= Instructions to follow =
What you return must be the full listing, word for word, with no images in it.

= Available data =
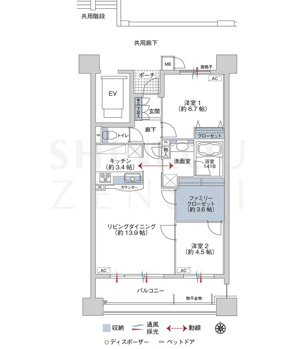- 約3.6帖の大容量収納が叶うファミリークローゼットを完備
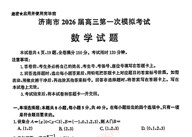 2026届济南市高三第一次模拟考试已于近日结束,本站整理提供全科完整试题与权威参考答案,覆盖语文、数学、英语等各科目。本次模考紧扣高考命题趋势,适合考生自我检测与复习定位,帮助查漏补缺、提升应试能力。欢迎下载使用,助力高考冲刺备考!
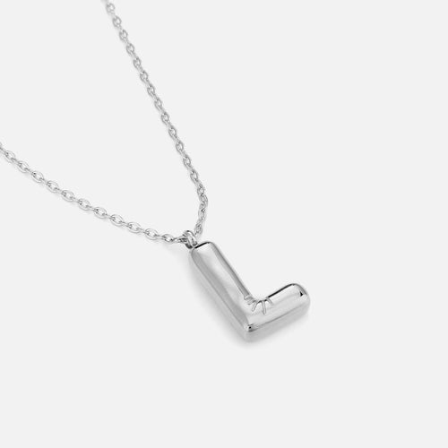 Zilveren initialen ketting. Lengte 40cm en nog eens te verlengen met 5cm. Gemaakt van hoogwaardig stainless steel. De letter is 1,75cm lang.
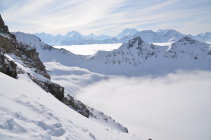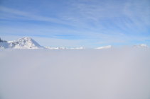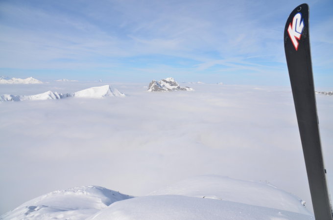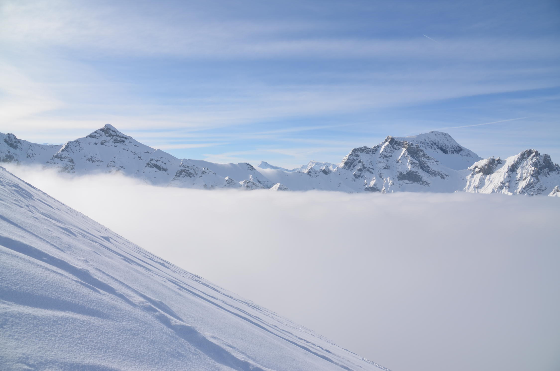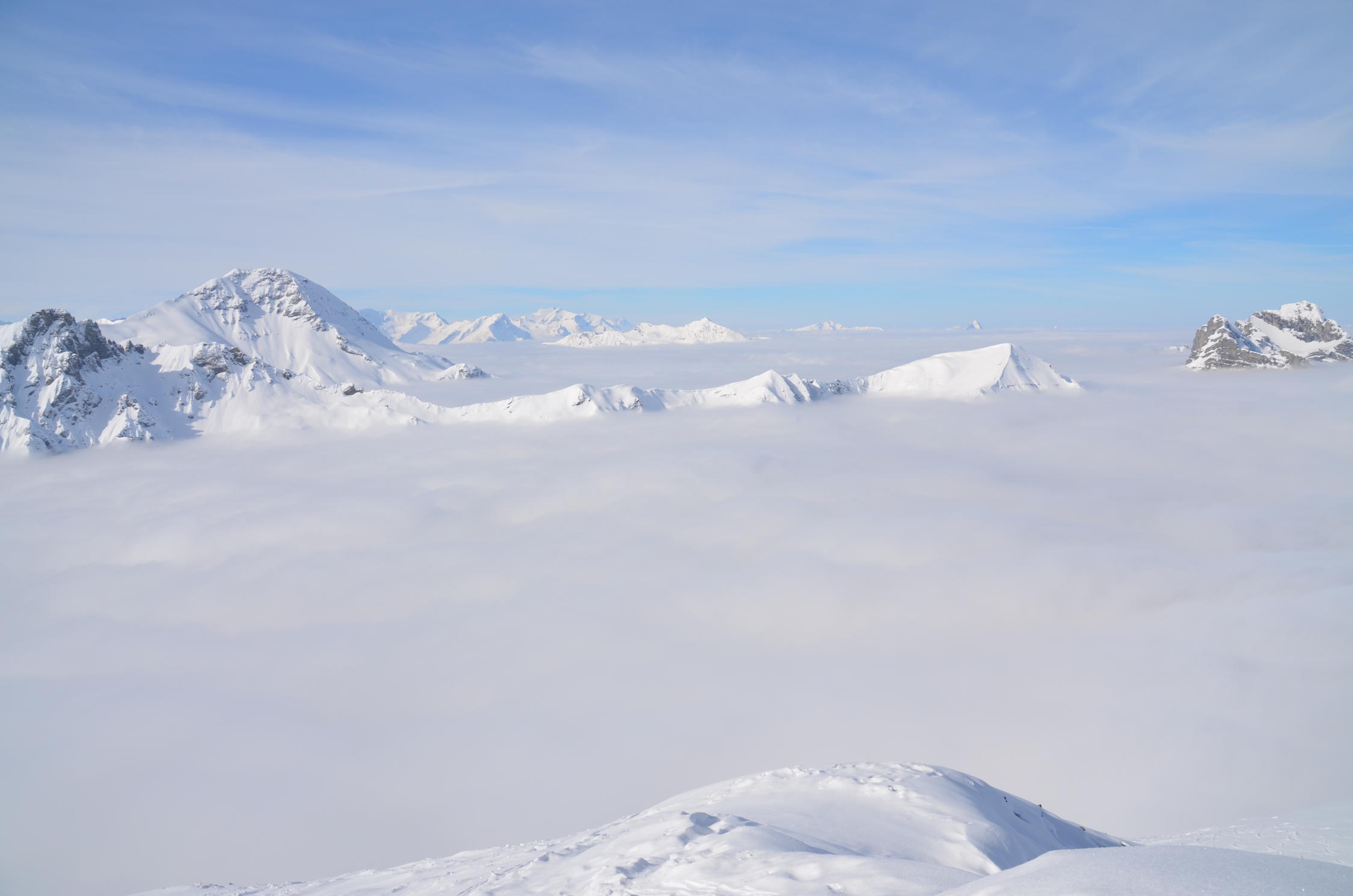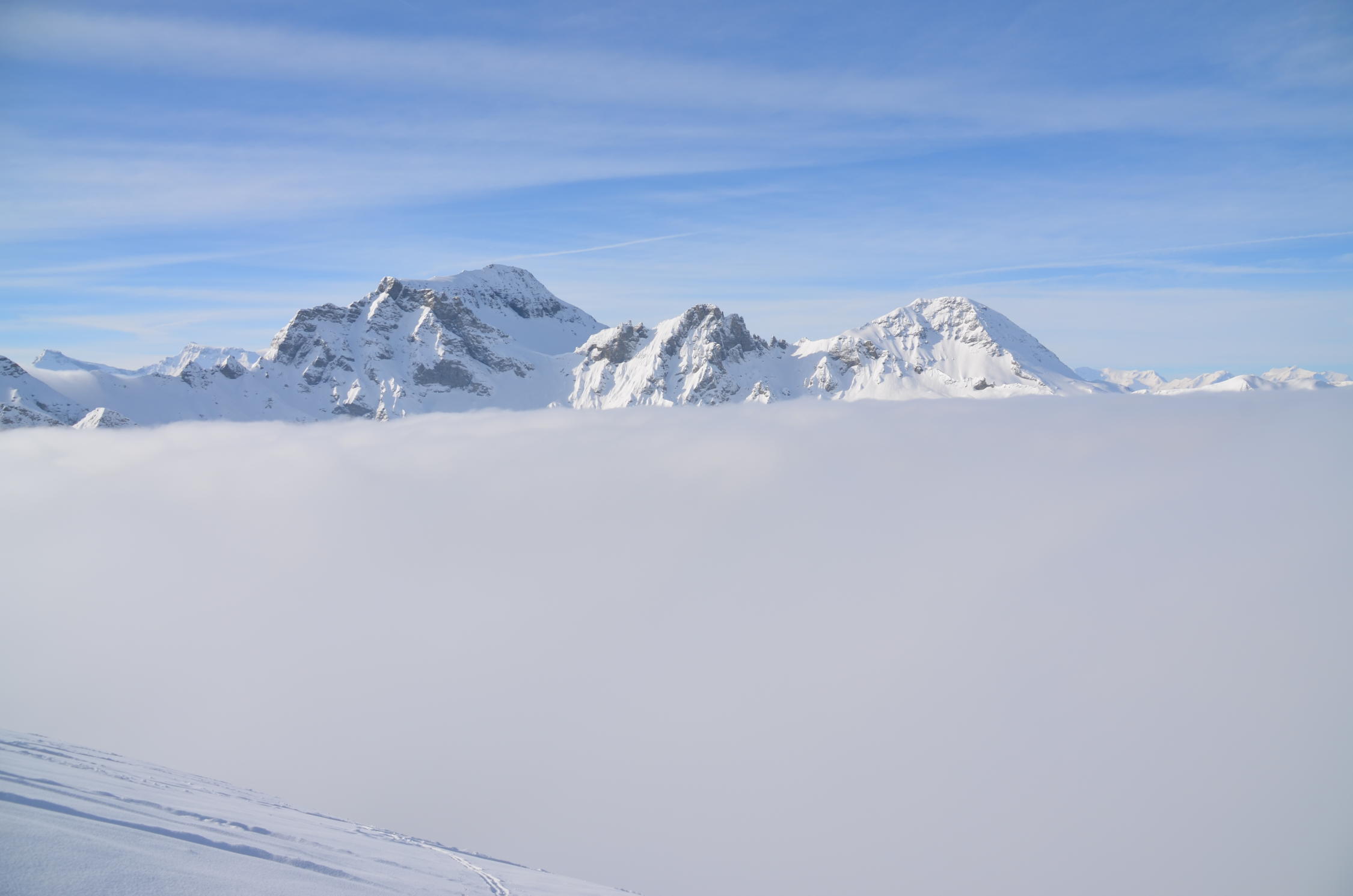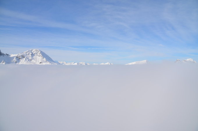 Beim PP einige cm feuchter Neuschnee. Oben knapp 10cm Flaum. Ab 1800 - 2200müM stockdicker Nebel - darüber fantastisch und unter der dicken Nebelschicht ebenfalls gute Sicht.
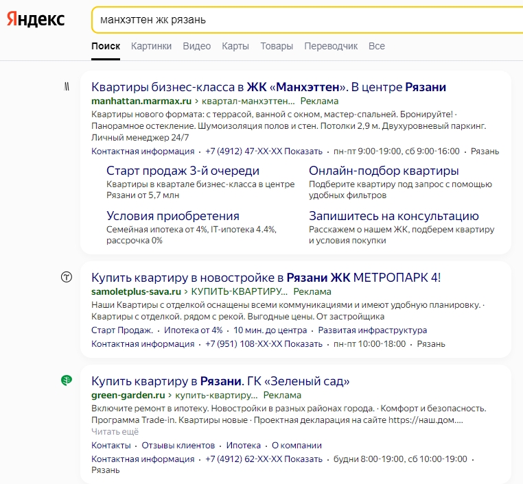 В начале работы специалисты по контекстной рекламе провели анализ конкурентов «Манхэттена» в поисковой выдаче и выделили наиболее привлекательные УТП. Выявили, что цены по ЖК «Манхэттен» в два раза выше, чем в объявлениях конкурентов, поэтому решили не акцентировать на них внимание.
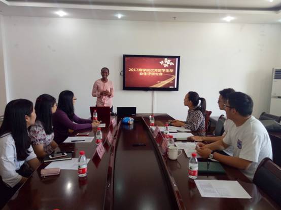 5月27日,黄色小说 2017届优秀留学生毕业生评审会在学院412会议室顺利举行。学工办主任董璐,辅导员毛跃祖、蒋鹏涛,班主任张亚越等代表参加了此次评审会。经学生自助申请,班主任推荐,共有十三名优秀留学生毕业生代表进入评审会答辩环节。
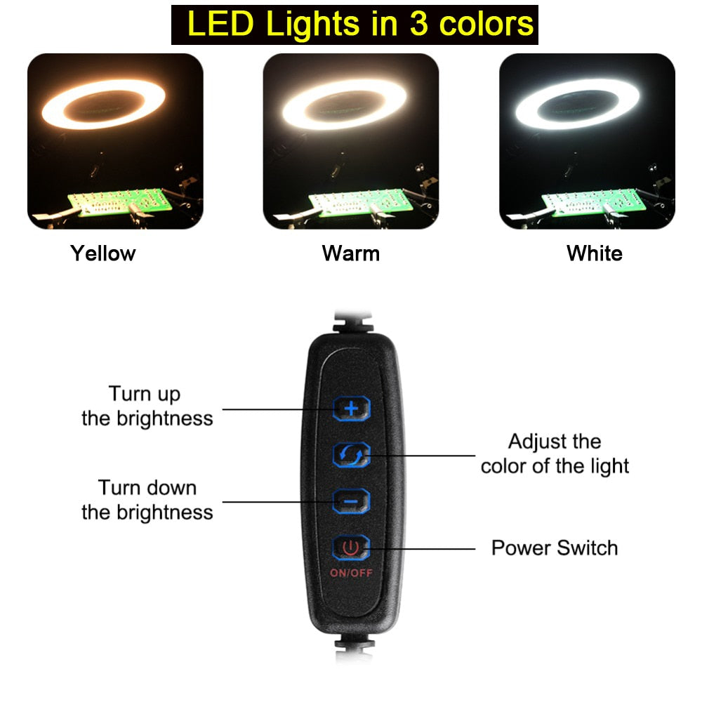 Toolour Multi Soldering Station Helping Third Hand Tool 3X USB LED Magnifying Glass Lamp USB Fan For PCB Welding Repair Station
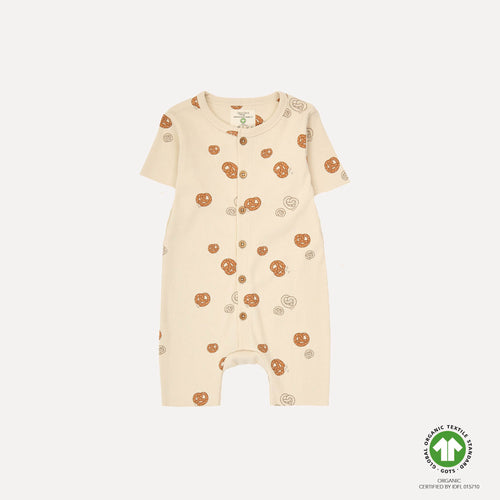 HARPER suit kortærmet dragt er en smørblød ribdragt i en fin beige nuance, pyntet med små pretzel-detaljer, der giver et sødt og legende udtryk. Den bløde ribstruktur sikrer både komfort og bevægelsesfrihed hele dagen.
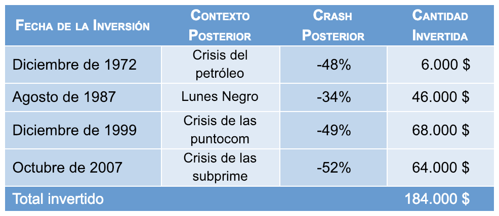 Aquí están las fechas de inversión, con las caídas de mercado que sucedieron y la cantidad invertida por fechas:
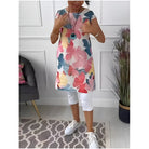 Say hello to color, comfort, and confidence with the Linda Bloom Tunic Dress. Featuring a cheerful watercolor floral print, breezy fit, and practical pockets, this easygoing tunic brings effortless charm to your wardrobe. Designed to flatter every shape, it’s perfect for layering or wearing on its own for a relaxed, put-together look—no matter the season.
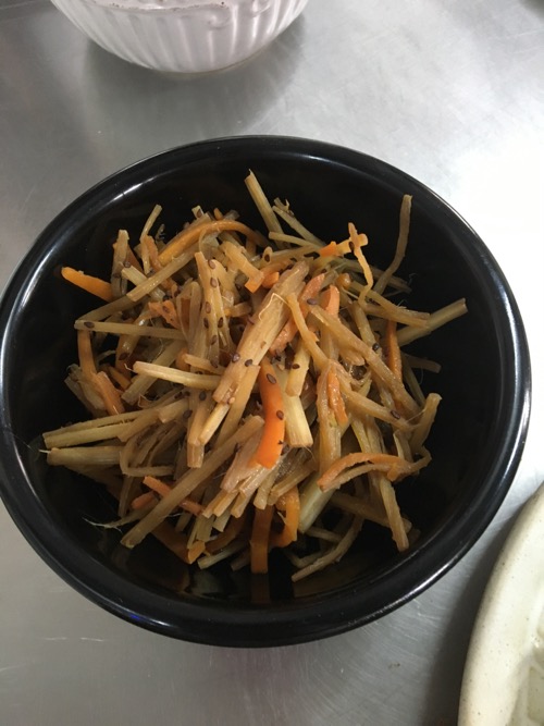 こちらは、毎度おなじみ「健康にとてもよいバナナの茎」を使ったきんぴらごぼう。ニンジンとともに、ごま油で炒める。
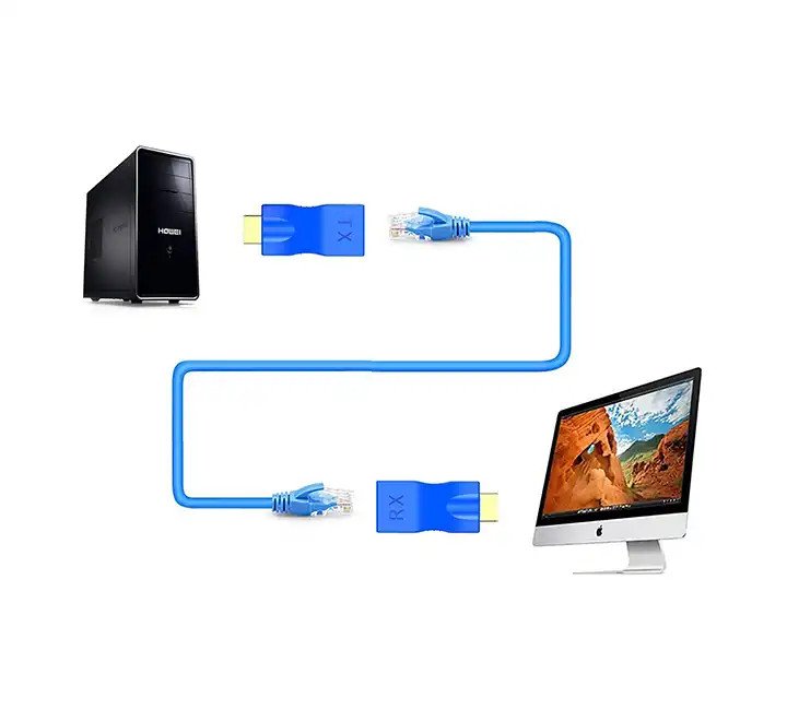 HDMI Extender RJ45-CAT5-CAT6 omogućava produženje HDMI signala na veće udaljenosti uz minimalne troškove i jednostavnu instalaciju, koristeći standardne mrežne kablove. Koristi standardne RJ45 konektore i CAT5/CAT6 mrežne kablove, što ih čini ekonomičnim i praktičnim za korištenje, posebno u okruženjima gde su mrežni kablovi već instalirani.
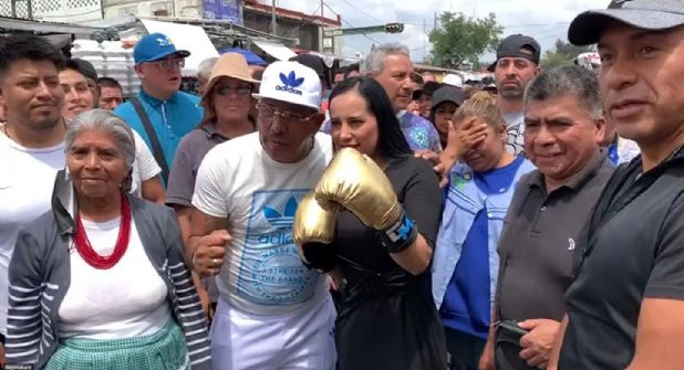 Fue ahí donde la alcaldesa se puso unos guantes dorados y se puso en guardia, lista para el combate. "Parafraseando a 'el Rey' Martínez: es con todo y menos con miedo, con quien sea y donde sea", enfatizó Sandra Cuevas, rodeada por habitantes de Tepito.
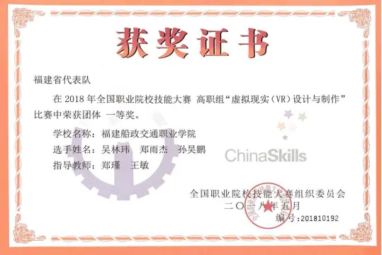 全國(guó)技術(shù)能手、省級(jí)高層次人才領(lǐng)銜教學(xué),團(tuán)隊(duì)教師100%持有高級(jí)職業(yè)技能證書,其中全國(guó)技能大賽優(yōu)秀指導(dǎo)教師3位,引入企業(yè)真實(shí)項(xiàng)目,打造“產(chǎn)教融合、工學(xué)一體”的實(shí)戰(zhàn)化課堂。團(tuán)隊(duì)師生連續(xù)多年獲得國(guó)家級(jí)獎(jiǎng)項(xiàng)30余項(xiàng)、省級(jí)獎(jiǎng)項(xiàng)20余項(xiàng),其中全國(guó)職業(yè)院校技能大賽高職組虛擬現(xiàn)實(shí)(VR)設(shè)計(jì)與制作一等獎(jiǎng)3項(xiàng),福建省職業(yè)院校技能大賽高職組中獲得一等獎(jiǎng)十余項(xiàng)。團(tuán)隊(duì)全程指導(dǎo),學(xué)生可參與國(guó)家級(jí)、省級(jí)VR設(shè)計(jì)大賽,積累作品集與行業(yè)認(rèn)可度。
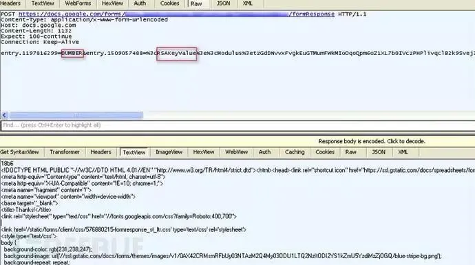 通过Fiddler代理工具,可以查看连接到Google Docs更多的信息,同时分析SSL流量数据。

= Result below =
- 約3.6帖の大容量収納が叶うファミリークローゼットを完備
 2026届济南市高三第一次模拟考试已于近日结束,本站整理提供全科完整试题与权威参考答案,覆盖语文、数学、英语等各科目。本次模考紧扣高考命题趋势,适合考生自我检测与复习定位,帮助查漏补缺、提升应试能力。欢迎下载使用,助力高考冲刺备考!
 Zilveren initialen ketting. Lengte 40cm en nog eens te verlengen met 5cm. Gemaakt van hoogwaardig stainless steel. De letter is 1,75cm lang.
 Beim PP einige cm feuchter Neuschnee. Oben knapp 10cm Flaum. Ab 1800 - 2200müM stockdicker Nebel - darüber fantastisch und unter der dicken Nebelschicht ebenfalls gute Sicht.
 В начале работы специалисты по контекстной рекламе провели анализ конкурентов «Манхэттена» в поисковой выдаче и выделили наиболее привлекательные УТП. Выявили, что цены по ЖК «Манхэттен» в два раза выше, чем в объявлениях конкурентов, поэтому решили не акцентировать на них внимание.
 5月27日,黄色小说 2017届优秀留学生毕业生评审会在学院412会议室顺利举行。学工办主任董璐,辅导员毛跃祖、蒋鹏涛,班主任张亚越等代表参加了此次评审会。经学生自助申请,班主任推荐,共有十三名优秀留学生毕业生代表进入评审会答辩环节。
 Toolour Multi Soldering Station Helping Third Hand Tool 3X USB LED Magnifying Glass Lamp USB Fan For PCB Welding Repair Station
 HARPER suit kortærmet dragt er en smørblød ribdragt i en fin beige nuance, pyntet med små pretzel-detaljer, der giver et sødt og legende udtryk. Den bløde ribstruktur sikrer både komfort og bevægelsesfrihed hele dagen.
 Aquí están las fechas de inversión, con las caídas de mercado que sucedieron y la cantidad invertida por fechas:
 Say hello to color, comfort, and confidence with the Linda Bloom Tunic Dress. Featuring a cheerful watercolor floral print, breezy fit, and practical pockets, this easygoing tunic brings effortless charm to your wardrobe. Designed to flatter every shape, it’s perfect for layering or wearing on its own for a relaxed, put-together look—no matter the season.
 こちらは、毎度おなじみ「健康にとてもよいバナナの茎」を使ったきんぴらごぼう。ニンジンとともに、ごま油で炒める。
 HDMI Extender RJ45-CAT5-CAT6 omogućava produženje HDMI signala na veće udaljenosti uz minimalne troškove i jednostavnu instalaciju, koristeći standardne mrežne kablove. Koristi standardne RJ45 konektore i CAT5/CAT6 mrežne kablove, što ih čini ekonomičnim i praktičnim za korištenje, posebno u okruženjima gde su mrežni kablovi već instalirani.
 Fue ahí donde la alcaldesa se puso unos guantes dorados y se puso en guardia, lista para el combate. "Parafraseando a 'el Rey' Martínez: es con todo y menos con miedo, con quien sea y donde sea", enfatizó Sandra Cuevas, rodeada por habitantes de Tepito.
 全國(guó)技術(shù)能手、省級(jí)高層次人才領(lǐng)銜教學(xué),團(tuán)隊(duì)教師100%持有高級(jí)職業(yè)技能證書,其中全國(guó)技能大賽優(yōu)秀指導(dǎo)教師3位,引入企業(yè)真實(shí)項(xiàng)目,打造“產(chǎn)教融合、工學(xué)一體”的實(shí)戰(zhàn)化課堂。團(tuán)隊(duì)師生連續(xù)多年獲得國(guó)家級(jí)獎(jiǎng)項(xiàng)30余項(xiàng)、省級(jí)獎(jiǎng)項(xiàng)20余項(xiàng),其中全國(guó)職業(yè)院校技能大賽高職組虛擬現(xiàn)實(shí)(VR)設(shè)計(jì)與制作一等獎(jiǎng)3項(xiàng),福建省職業(yè)院校技能大賽高職組中獲得一等獎(jiǎng)十余項(xiàng)。團(tuán)隊(duì)全程指導(dǎo),學(xué)生可參與國(guó)家級(jí)、省級(jí)VR設(shè)計(jì)大賽,積累作品集與行業(yè)認(rèn)可度。
 通过Fiddler代理工具,可以查看连接到Google Docs更多的信息,同时分析SSL流量数据。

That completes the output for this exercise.